Was die möglichen Ursachen für ein problematisches Spielverhalten anbelangt, verweisen die Wissenschaftler darauf, „dass u.a. das Erleben von elterlicher Gewalt, eine mangelnde Fähigkeit zur Perspektivübernahme, Schulangst und fehlende Anerkennungserlebnisse jenseits des Computer-spielens einer Abhängigkeit Vorschub leisten" (Baier u.a. 2010, S. 34). Gefährdete und abhängige Schülerinnen und Schüler fallen durch schlechtere Noten auf, hätten weniger Lust auf Schule und schwänzten häufiger den Unterricht. Was die genutzten Spiele anbelangt, warnen die Forscher davor, dass vor allem Spiele wie World of Warcraft aufgrund der Vergabe von Belohnungen und des Spielens in Gruppen ein nicht zu unterschätzendes Abhängigkeitspotenzial aufweisen.

 

BAIER, D., PFEIFFER, C. & RABOLD, S. (2010): Kinder und Jugendliche in Deutschland: Gewalterfahrungen, Integration, Medienkonsum : Zweiter Bericht zum gemeinsamen Forschungsprojekt des Bundesministeriums des Innern und des KFN (KFN-Forschungsbericht; Nr.: 109). Hannover: KFN.

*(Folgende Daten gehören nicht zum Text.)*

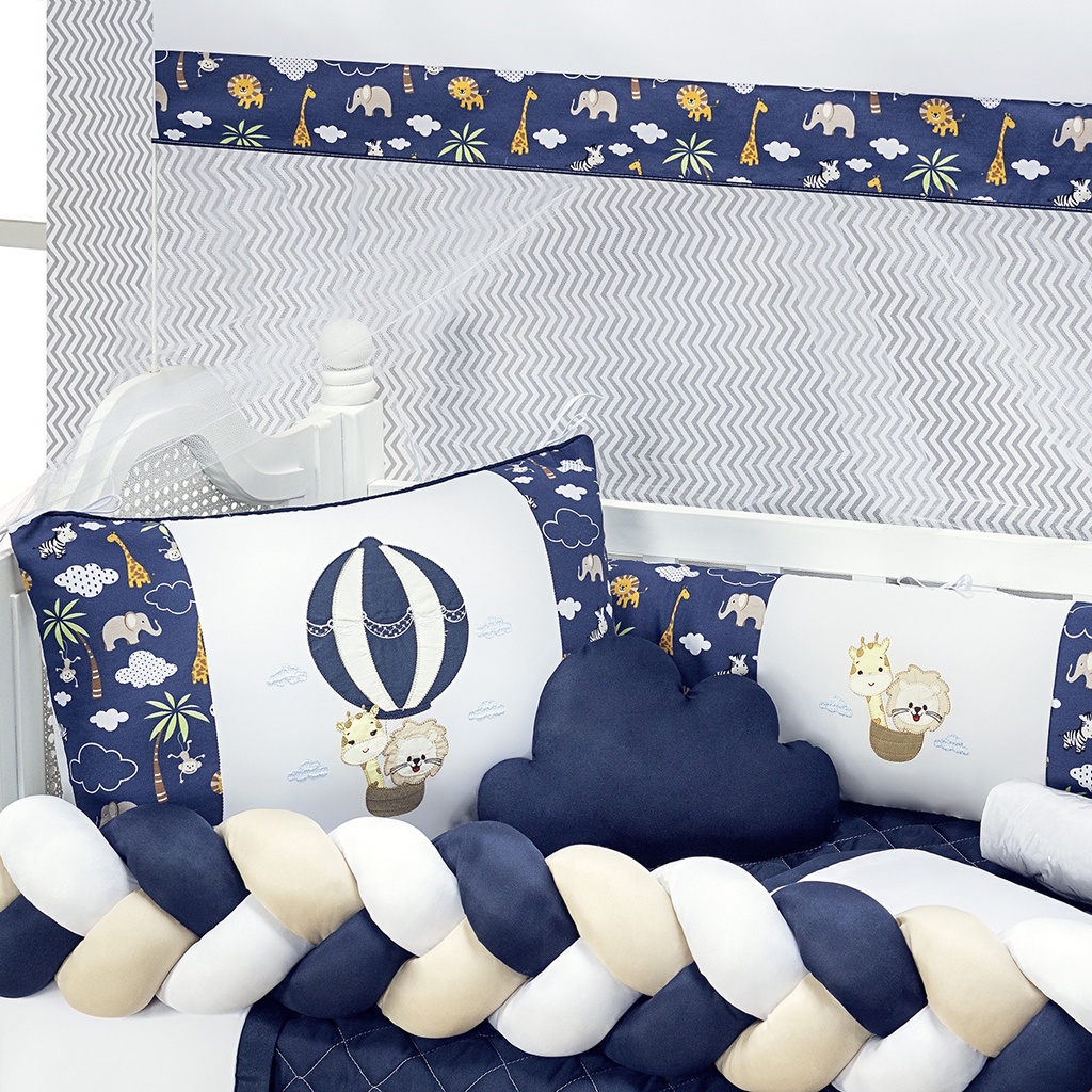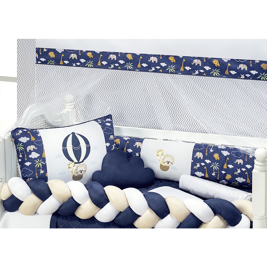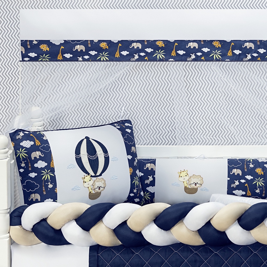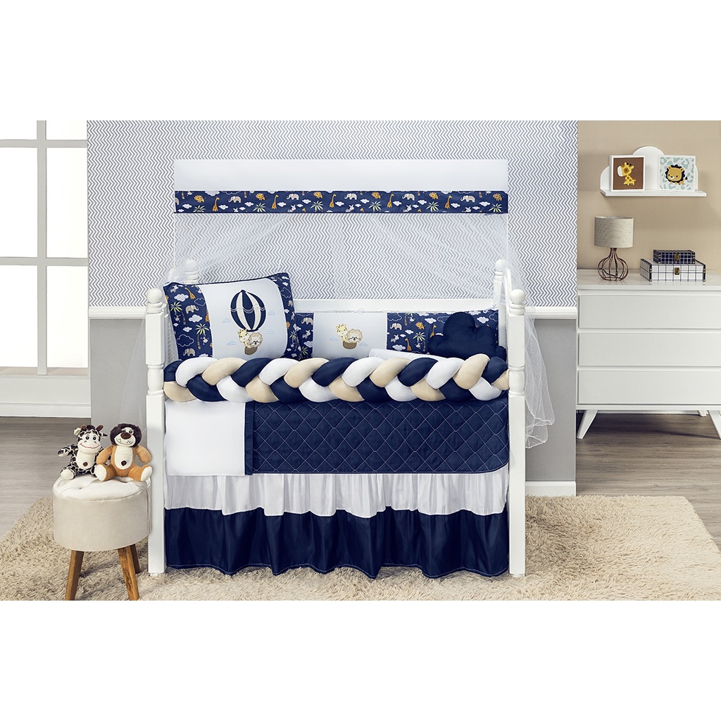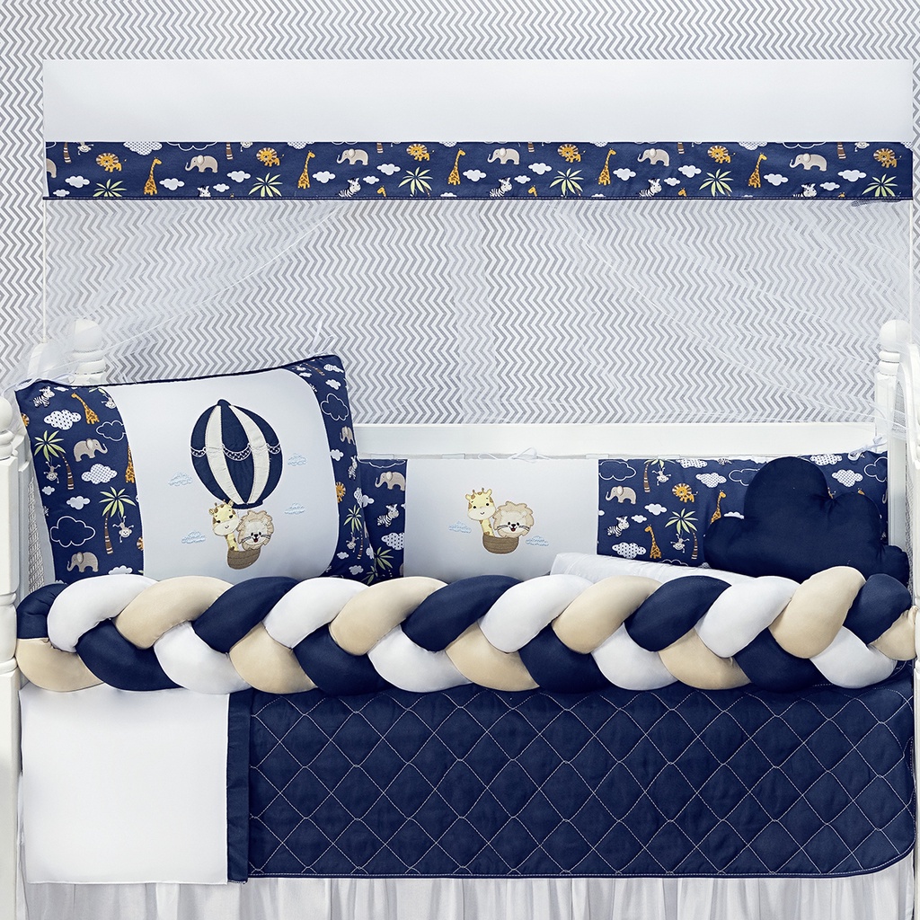 Kit Berço Girafa Leão Americano Completo Safari Azul Marinho 11 Peças

PDF auf: http://www.kfn.de/Publikationen/KFN-Forschungsberichte.htm

 

REHBEIN, F., KLEIMANN, M. & MÖSSLE, T. (2009): Computerspielabhängigkeit im Kindes- und Jugendalter: Empirische Befunde zu Ursachen, Diagnostik und Komorbiditäten unter besonderer Berücksichtigung spielimmanenter Abhängigkeitsmerkmale(KFN-Forschungsbericht; Nr.: 108). Hannover: KFN.